▼▼▼
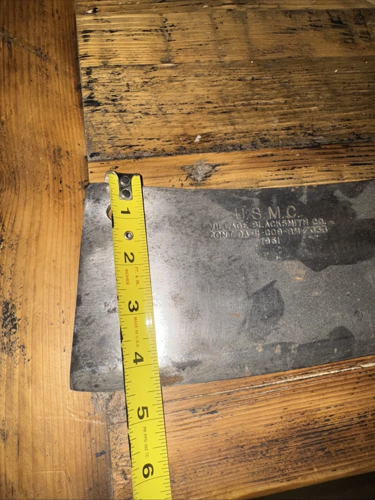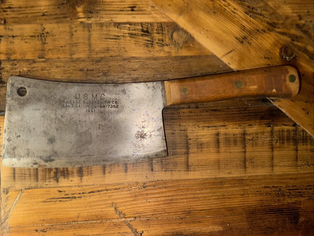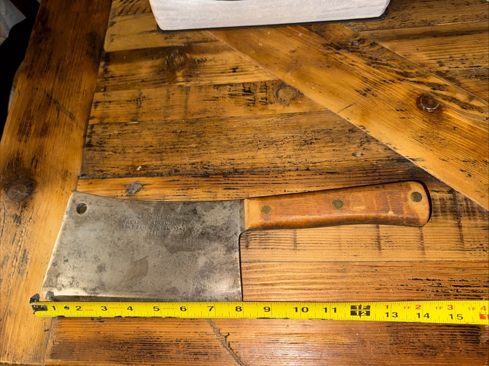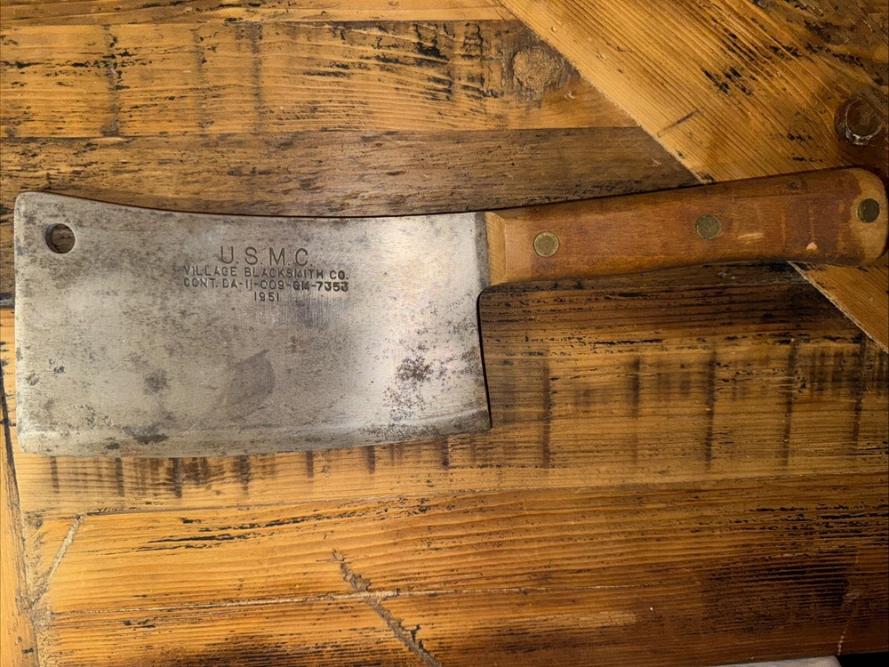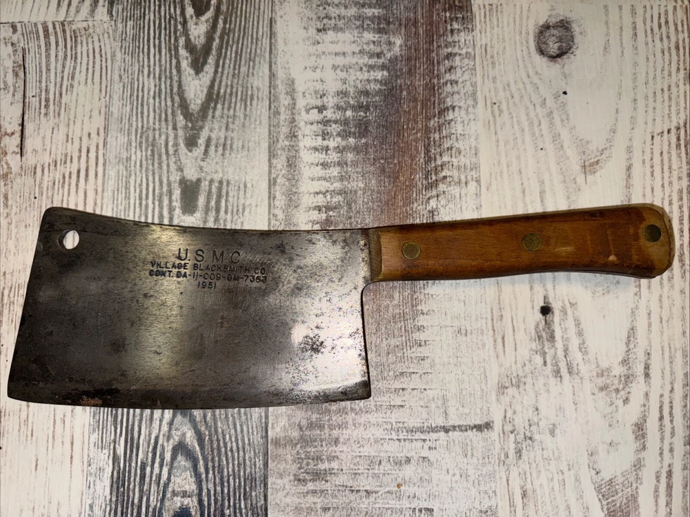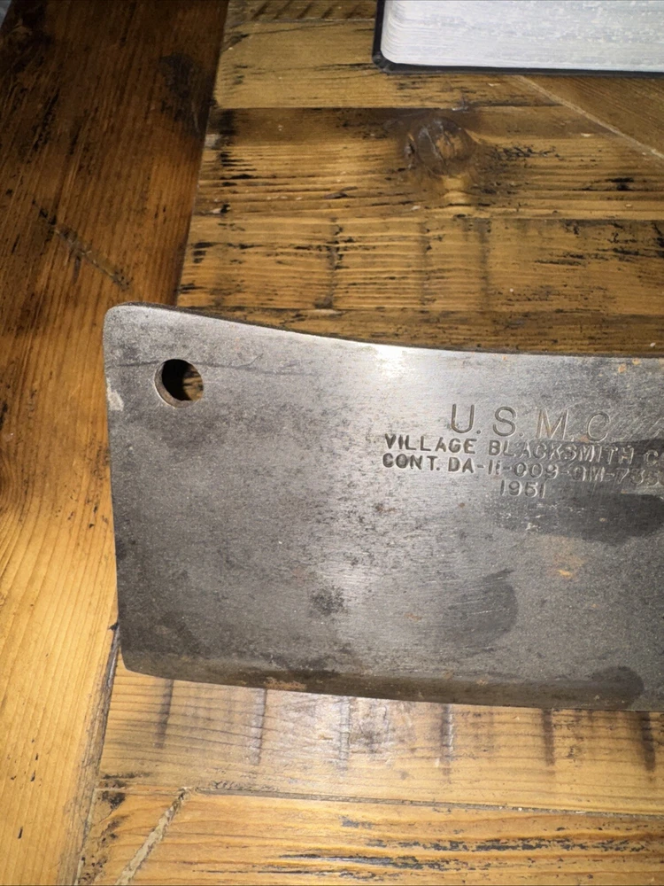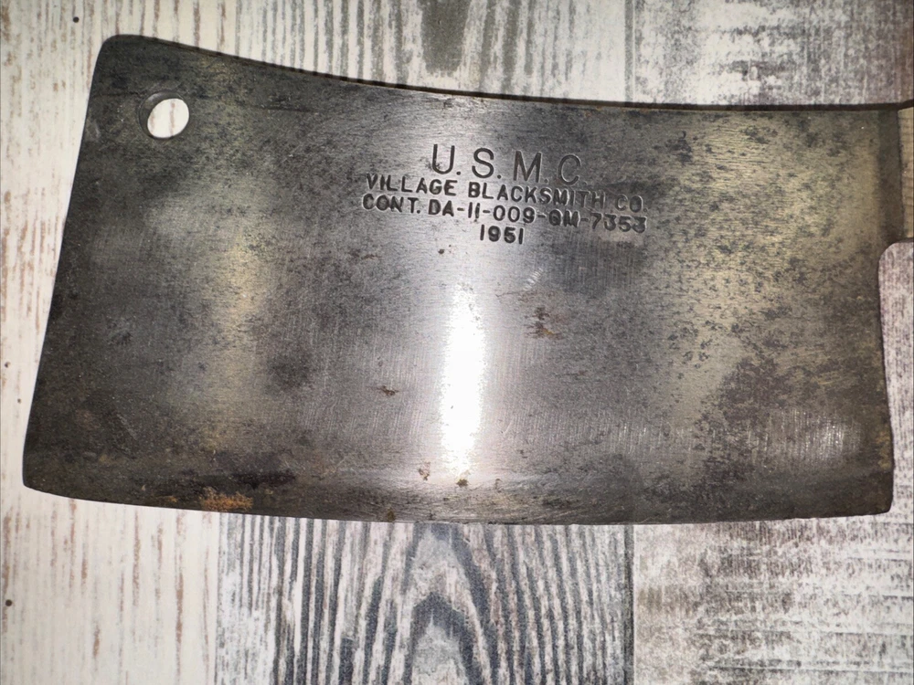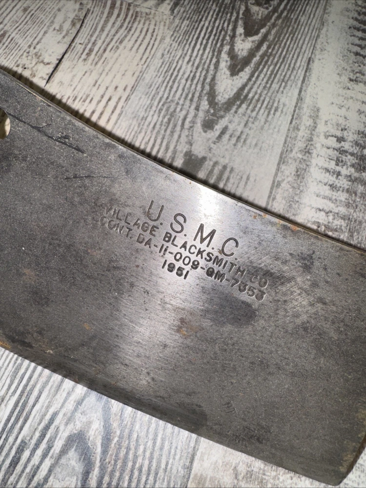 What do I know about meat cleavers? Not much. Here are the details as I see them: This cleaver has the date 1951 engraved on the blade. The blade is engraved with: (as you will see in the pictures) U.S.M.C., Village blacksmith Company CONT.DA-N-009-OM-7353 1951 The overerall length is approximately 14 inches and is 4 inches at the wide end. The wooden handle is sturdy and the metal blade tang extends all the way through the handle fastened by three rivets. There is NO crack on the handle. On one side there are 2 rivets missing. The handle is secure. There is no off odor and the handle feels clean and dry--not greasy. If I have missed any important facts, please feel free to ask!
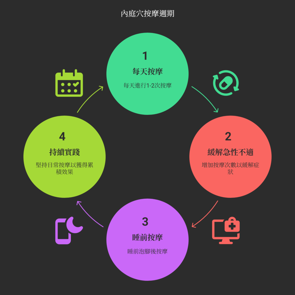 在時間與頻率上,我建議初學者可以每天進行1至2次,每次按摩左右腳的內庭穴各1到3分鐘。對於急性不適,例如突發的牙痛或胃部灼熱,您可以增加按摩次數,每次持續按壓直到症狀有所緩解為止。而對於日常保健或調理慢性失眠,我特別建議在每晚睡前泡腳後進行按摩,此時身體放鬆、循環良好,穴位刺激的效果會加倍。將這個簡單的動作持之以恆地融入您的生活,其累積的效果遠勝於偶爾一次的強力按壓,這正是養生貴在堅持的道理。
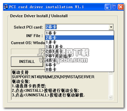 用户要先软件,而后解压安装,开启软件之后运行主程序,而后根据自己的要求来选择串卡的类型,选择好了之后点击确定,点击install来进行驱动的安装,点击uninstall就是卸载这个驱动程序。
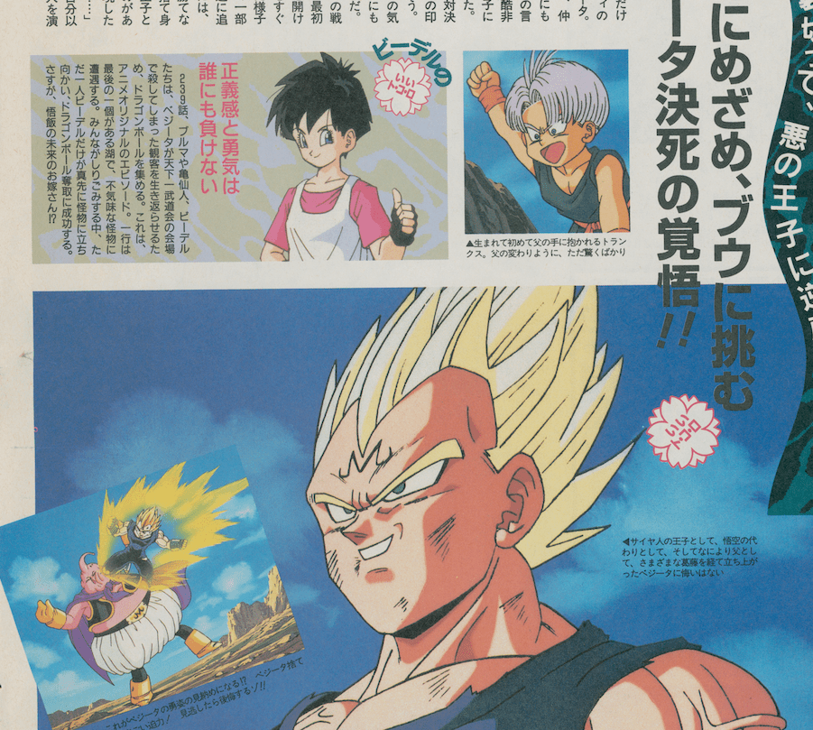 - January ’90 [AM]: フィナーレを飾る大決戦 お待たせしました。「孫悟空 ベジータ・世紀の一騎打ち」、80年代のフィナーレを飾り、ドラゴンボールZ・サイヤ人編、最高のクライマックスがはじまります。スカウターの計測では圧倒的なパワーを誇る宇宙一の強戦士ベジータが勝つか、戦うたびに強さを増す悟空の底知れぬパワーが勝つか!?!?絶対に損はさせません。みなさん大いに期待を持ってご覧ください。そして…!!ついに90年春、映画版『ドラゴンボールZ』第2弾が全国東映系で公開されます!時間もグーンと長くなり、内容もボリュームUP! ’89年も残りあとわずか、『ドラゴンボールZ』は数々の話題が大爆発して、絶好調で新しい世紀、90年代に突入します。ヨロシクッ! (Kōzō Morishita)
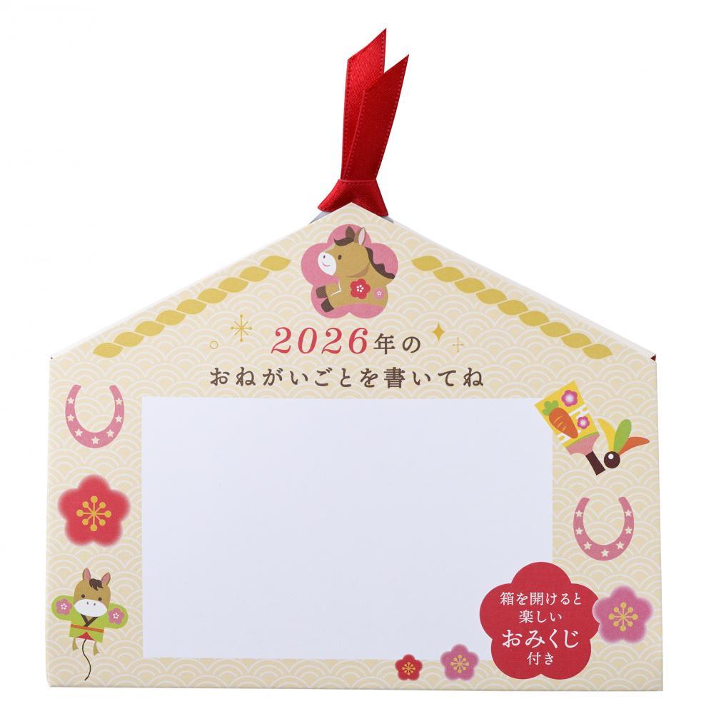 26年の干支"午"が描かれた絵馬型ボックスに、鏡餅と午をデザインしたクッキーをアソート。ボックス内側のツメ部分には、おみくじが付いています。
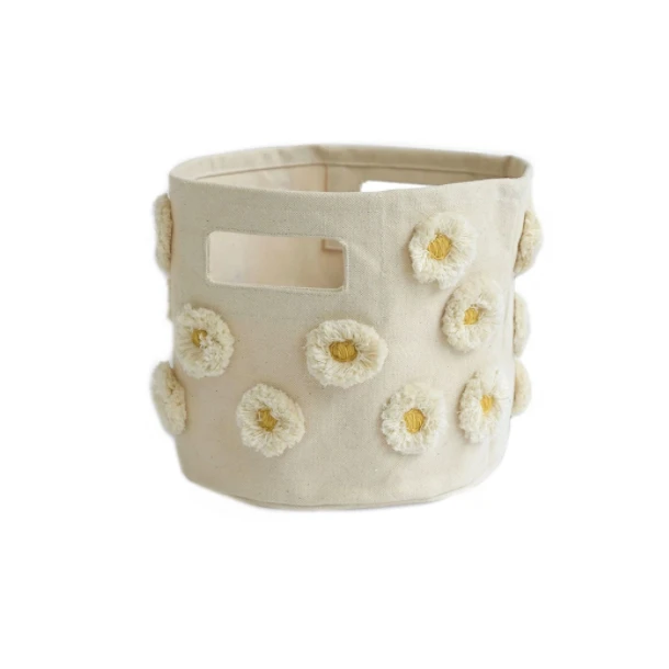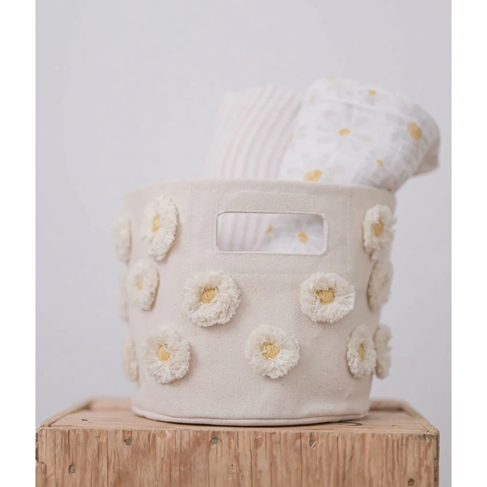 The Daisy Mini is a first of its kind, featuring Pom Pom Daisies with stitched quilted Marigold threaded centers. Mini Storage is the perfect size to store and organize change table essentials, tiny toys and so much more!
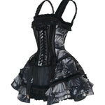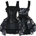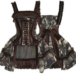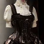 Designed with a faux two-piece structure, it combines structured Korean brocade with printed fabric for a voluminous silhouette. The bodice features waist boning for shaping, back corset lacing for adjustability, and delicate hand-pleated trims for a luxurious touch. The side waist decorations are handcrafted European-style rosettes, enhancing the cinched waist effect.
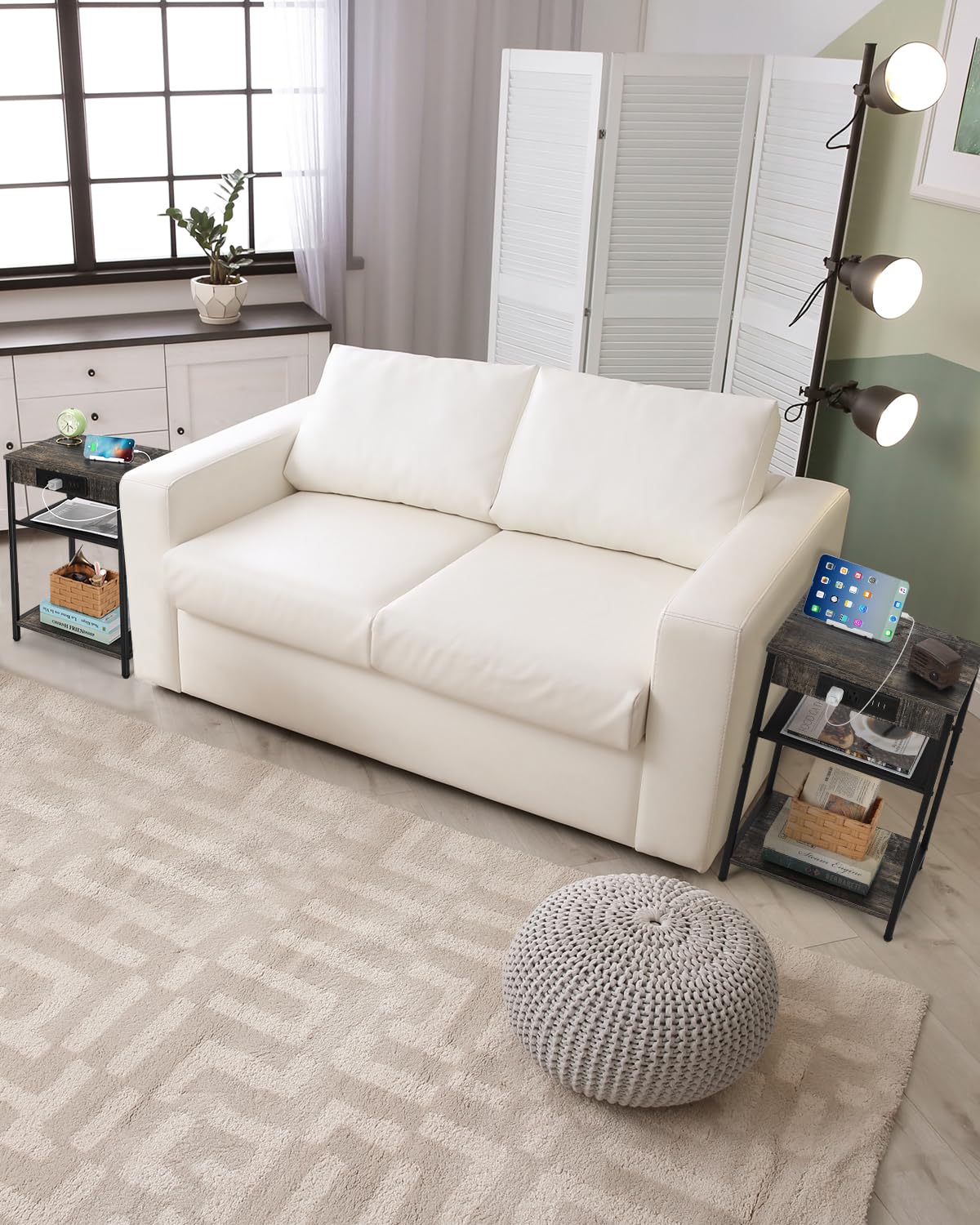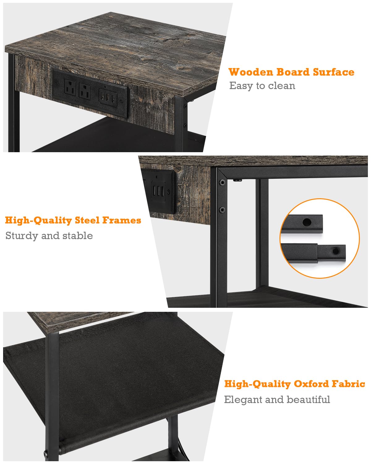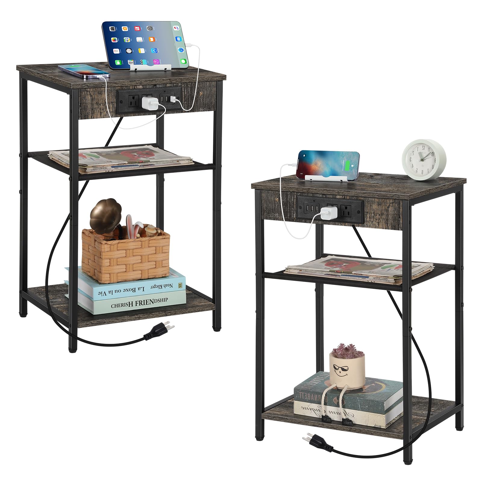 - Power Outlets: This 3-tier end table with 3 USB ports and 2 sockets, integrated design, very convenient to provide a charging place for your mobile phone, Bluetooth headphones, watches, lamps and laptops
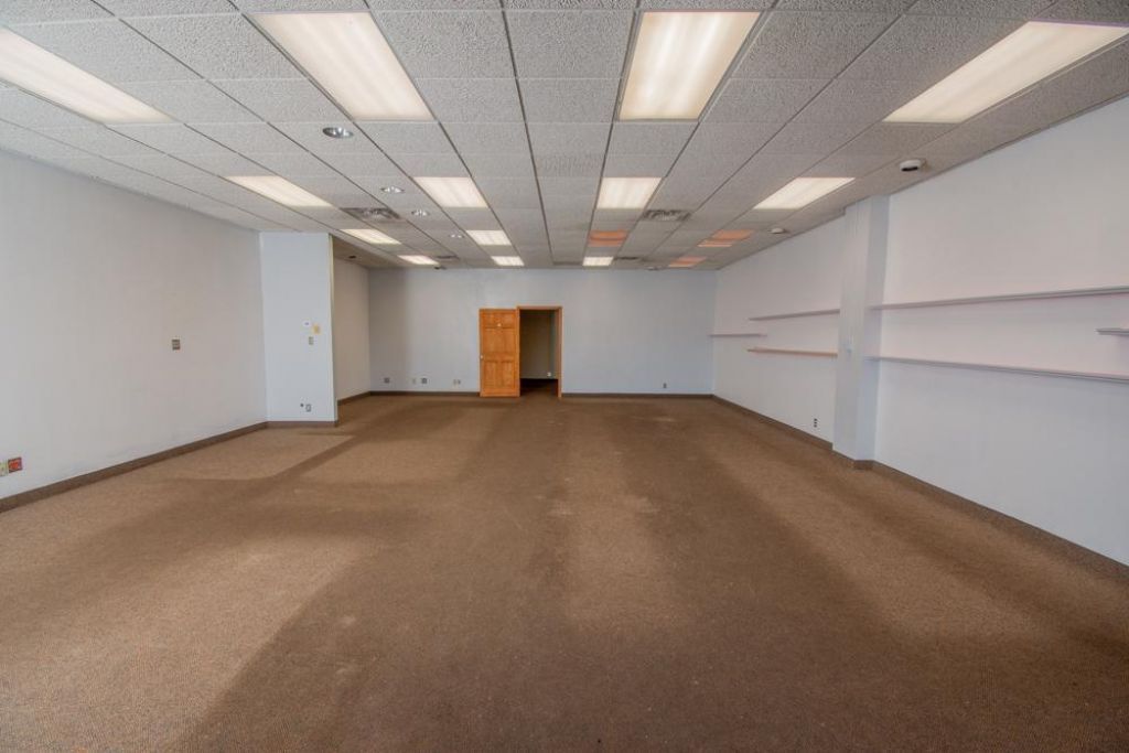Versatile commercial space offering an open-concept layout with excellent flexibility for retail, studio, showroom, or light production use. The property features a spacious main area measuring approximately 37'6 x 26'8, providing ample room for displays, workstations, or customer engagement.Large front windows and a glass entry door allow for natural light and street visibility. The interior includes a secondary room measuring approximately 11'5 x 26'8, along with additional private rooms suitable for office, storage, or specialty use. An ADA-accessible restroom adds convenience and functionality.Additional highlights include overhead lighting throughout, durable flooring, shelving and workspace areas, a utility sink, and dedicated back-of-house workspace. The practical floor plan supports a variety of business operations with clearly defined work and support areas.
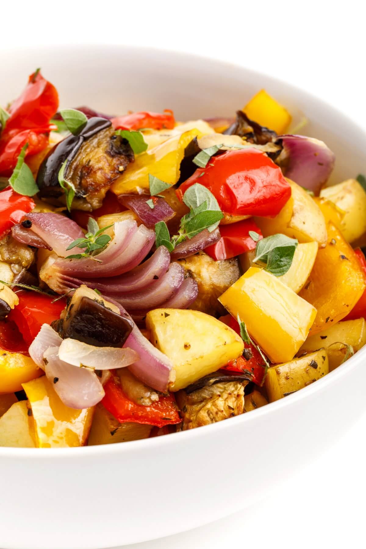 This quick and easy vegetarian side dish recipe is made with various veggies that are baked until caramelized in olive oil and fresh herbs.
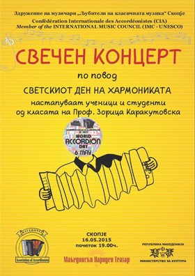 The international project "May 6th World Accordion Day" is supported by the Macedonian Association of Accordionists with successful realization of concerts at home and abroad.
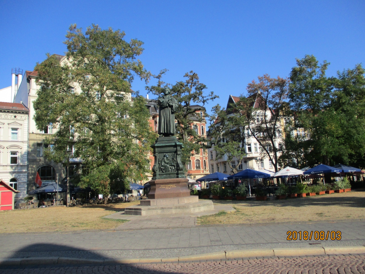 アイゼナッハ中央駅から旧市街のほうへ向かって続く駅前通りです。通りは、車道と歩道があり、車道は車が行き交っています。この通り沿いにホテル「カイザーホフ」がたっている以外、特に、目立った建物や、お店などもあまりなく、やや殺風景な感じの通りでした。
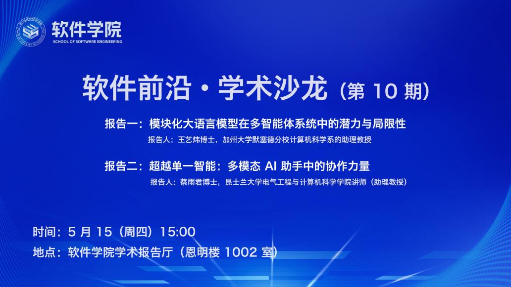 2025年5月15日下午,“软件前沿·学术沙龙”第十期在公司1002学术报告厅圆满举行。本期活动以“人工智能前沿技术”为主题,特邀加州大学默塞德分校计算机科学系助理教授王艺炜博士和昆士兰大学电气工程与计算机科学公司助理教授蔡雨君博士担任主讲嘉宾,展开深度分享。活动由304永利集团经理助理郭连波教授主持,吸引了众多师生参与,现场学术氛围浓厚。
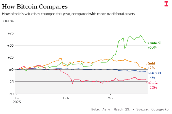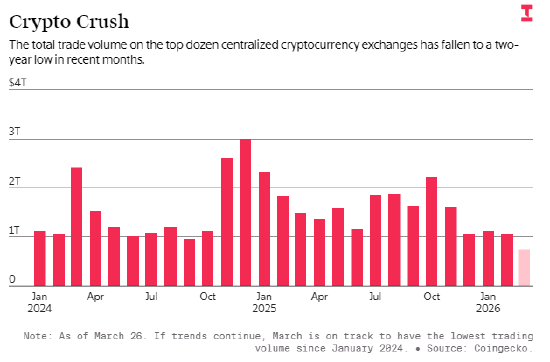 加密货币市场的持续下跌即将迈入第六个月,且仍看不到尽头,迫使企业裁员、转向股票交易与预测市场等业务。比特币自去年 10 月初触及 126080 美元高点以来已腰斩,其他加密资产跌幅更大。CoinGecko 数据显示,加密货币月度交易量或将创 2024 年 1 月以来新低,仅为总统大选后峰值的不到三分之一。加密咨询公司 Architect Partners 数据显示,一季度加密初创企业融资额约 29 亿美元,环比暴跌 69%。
▲▲▲
#### PROBLEM DESCRIPTION:
Range to copy from the records above: the line containing "- Power Outlets: This" to the line containing "Versatile commercial space", both included. Output those lines exactly and only those, skipping pictures.

#### RESULT OF THE TASK:
 - Power Outlets: This 3-tier end table with 3 USB ports and 2 sockets, integrated design, very convenient to provide a charging place for your mobile phone, Bluetooth headphones, watches, lamps and laptops
Versatile commercial space offering an open-concept layout with excellent flexibility for retail, studio, showroom, or light production use. The property features a spacious main area measuring approximately 37'6 x 26'8, providing ample room for displays, workstations, or customer engagement.Large front windows and a glass entry door allow for natural light and street visibility. The interior includes a secondary room measuring approximately 11'5 x 26'8, along with additional private rooms suitable for office, storage, or specialty use. An ADA-accessible restroom adds convenience and functionality.Additional highlights include overhead lighting throughout, durable flooring, shelving and workspace areas, a utility sink, and dedicated back-of-house workspace. The practical floor plan supports a variety of business operations with clearly defined work and support areas.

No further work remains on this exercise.